Bei einem aus der USA-Patentschrift Nr. 2, 926, 477 bekannten Ladewagen dieser Art ist als Feldhäcksler ein Scheibenradhäcksler vorgesehen. Dieser ist nebst dem Fahrantrieb und den Antriebsrädern an vorgezogenen Längsholmen des Wagens angeordnet. Der Längsförderer besteht aus einer an die Scheibenradwelle angekuppelten Förderschnecke, die an der andern Stirnseite des Wagens gelagert ist und hier von einem Hydraulik-Motor angetrieben wird. Die Seitenwände des Wagens laufen dabei nach der Förderschnecke zu trichterförmig zusammen.
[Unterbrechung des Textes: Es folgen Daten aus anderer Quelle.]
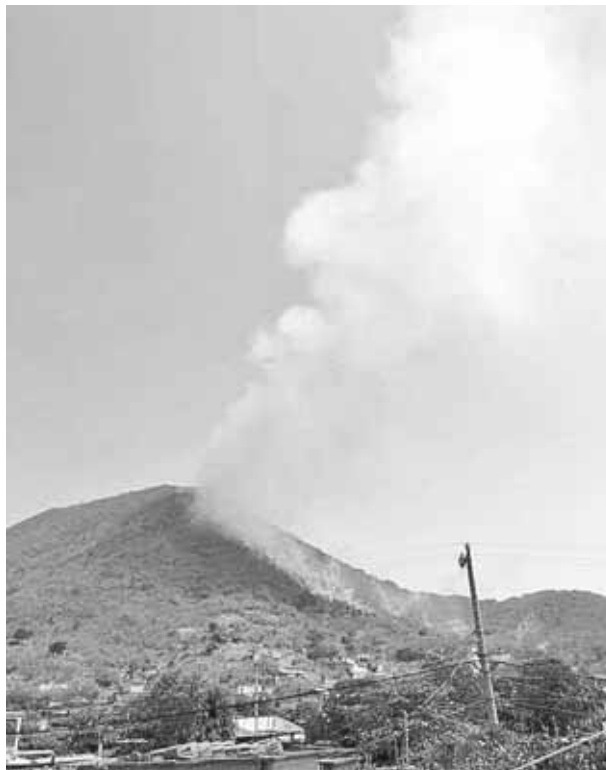
► Se puso en riesgo la vida de 200 habitantes.

Poco más de 30 hectáreas se quemaron a consecuencia del incendio que iba avanzando con rapidez entre el cerro las Palomas

Diese Förderschnecke hat die Aufgabe, das von dem Scheibenradhäcksler aufgeladene Gut diesem nach Abschalten der Aufnahme- und Einzugsorgane wieder zwecks Abladung zuzuführen.
Nachteilig ist hiebei, dass infolge der trichterförmig verlaufenden Seitenwände der Schwerpunkt des Laderaumes sehr hoch zu liegen kommt und das umso mehr, je steiler der Konvergierungswinkel des Trichters gewählt ist. Dieser kann aber schwerlich so steil gewählt werden, dass die Ladung selbsttätig nach der Förderschnecke abrutscht. Vielmehr kommt es in der Regel zu Brückenbildungen mit der Folge, dass die Förderschnecke leer umläuft. Es bleibt dann nichts anderes übrig, als eine Arbeitskraft zum Nachschieben der Ladung in die Förderschnecke auf dem Wagen einzusetzen. Ungleichmässige Beschickung ist eine weitere Folge.
Ausserdem besteht die Gefahr, dass die zu Beginn volle Schnecke sich verstopft.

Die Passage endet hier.